Casanova, sublime histrion
Par le genre littéraire frère de notre bizarre marquis de Sade, du fureteur Restif de la Bretonne, Giovanni Giacomo Casanova de Seingalt les surpasse sans doute dans le brio du dire et l’intelligence du regarder. Si d’ailleurs les susdits compères ne sont, mises à part quelques saisissantes fulgurations, guère que de laborieux bavards, Casanova pour sa part n’est jamais ennuyeux et bien au contraire se montre toujours un endiablé conteur.
Italien comme ses prénoms et nom le suggèrent, il écrivit pourtant en français ses célèbres Mémoires, étonnante mais combien amusante évocation de ce que pouvait être la vie d’un grand aventurier vagabondant à travers l’Europe du XVIIIe siècle. Fils de comédiens, il naît à Venise en 1725. Successivement ecclésiastique – il reçut les ordres mineurs – militaire, violoniste, intrigant de cour, emprisonné, évadé, magicien, agent secret de l’Inquisition, diplomate, mais en toutes circonstances grand amateur de femmes, il vole de lieu en lieu, toujours égal à lui-même tel qu’il se définit : Cultiver le plaisir des sens fut toujours ma principale affaire. Je n’en eus jamais de plus importante. Me sentant né pour le beau sexe, je l’ai toujours aimé et m’en suis fait aimer tant que j’ai pu. J’ai aussi aimé la bonne chère avec transport, j’ai toujours été passionné par tous les objets qui ont excité ma curiosité.
De façon étrange, ce coureur de jupons de tous âges, les plus tendres inclus, termina sa carrière mouvementée comme bibliothécaire du comte Waldstein au château de Dux, en Bohême. Il y mourut à soixante-quinze ans, fort pieusement paraît-il, ayant passé une quinzaine d’années reclus en ces lieux peu folichons, rangé des voitures et rangeant de vieux livres. Peut-être pour se désennuyer, il rédigea alors ses Mémoires, revivant ainsi, plume à la main, sa pétillante existence.
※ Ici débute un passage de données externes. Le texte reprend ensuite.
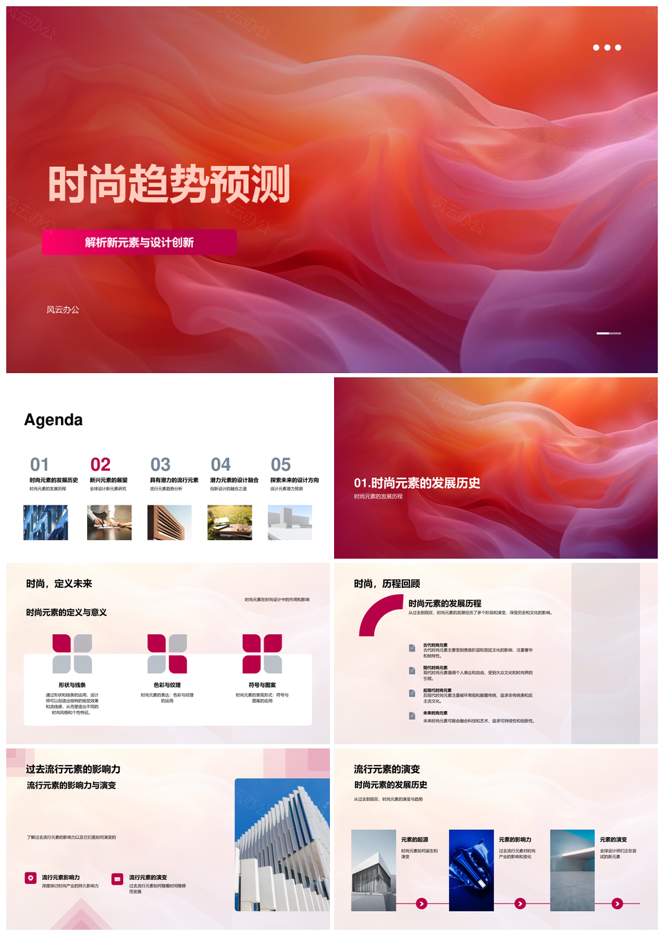 风云办公提供的时尚趋势预测新元素创新设计全球融合PPT模板,下载格式为pptx,一共24页,作品中文字及图均可以修改和编辑,图片更改请在作品中右键图片并更换,文字修改请直接点击文字进行修改。

C’est l’amorce de ce déconcertant mais long épisode final que M. Attilio Maggiulli, créateur en 1974 de la Comédie italienne à Paris, a choisi d’évoquer pour fêter ses trente ans de féerique Commedia dell’Arte, en écrivant et montant son Casanova, sublime histrion. On y voit Casanova, incarné par la chère Hélène Lestrade, accompagné d’un compère italien, tentant d’enjôler à coup de baratins et de tours de magie son hôte le comte Waldstein. On joue aussi gros jeu au château avec encore un autre invité du comte, un vieux nonce apostolique égrillard mais qui passe pour préférer les garçons aux filles et surtout n’hésite pas à miser pour sa part tout l’argent des Indulgences dont il est porteur.
On joue de plus en plus gros, les enchères montent et, pour finir, Casanova, malgré son culot, perd une somme énorme, dont il n’a évidemment pas le premier sou devant soi. Suite de quoi Waldstein lui administre un colossal savon quant à son impudence et sa légèreté et, pour finir, remet sa dette de jeu à un Casanova qui n’en avait jamais tant entendu, à condition qu’il devienne à vie son bibliothécaire. Et voilà que l’on enferme le Casanova tout penaud dans une grande cage, bien dorée certes mais cage quand même.
Comme de coutume à la Comédie italienne, le spectacle est un enchantement, fait du brio de Mme Lestrade composant un Casanova plus roué que nature, de la splendeur raffinée des costumes, de la mise en scène de M. Maggiulli, pareille à un ballet si bien réglé que chaque mouvement des acteurs semble pourtant spontané. Quel métier !
Le texte malheureusement n’est point à la hauteur du reste. Assez plat, il est en outre dépourvu de la moindre trouvaille comique dont M. Maggiulli est accoutumé d’enrichir ses adaptations de Goldoni. Du genre de ce que l’on entendait par exemple dans son Arlequin et Colombine à l’école de l’amour :
Le Matamore
J’ai détruit toute la flotte ennemie à coups de hache !
Le Chef de troupe
Non mon ami. Vous exagérez, vous en faites trop. Allez, reprenez.
Le Matamore
J’ai détruit la moitié de la flotte ennemie à coups de hachette!…
Vous voyez ce que je veux dire : ce sont de ces petites choses propres à conforter les âmes bien nées, mais que vous n’entendrez pas cette année sur la scène de la Comédie italienne. C’est dommage.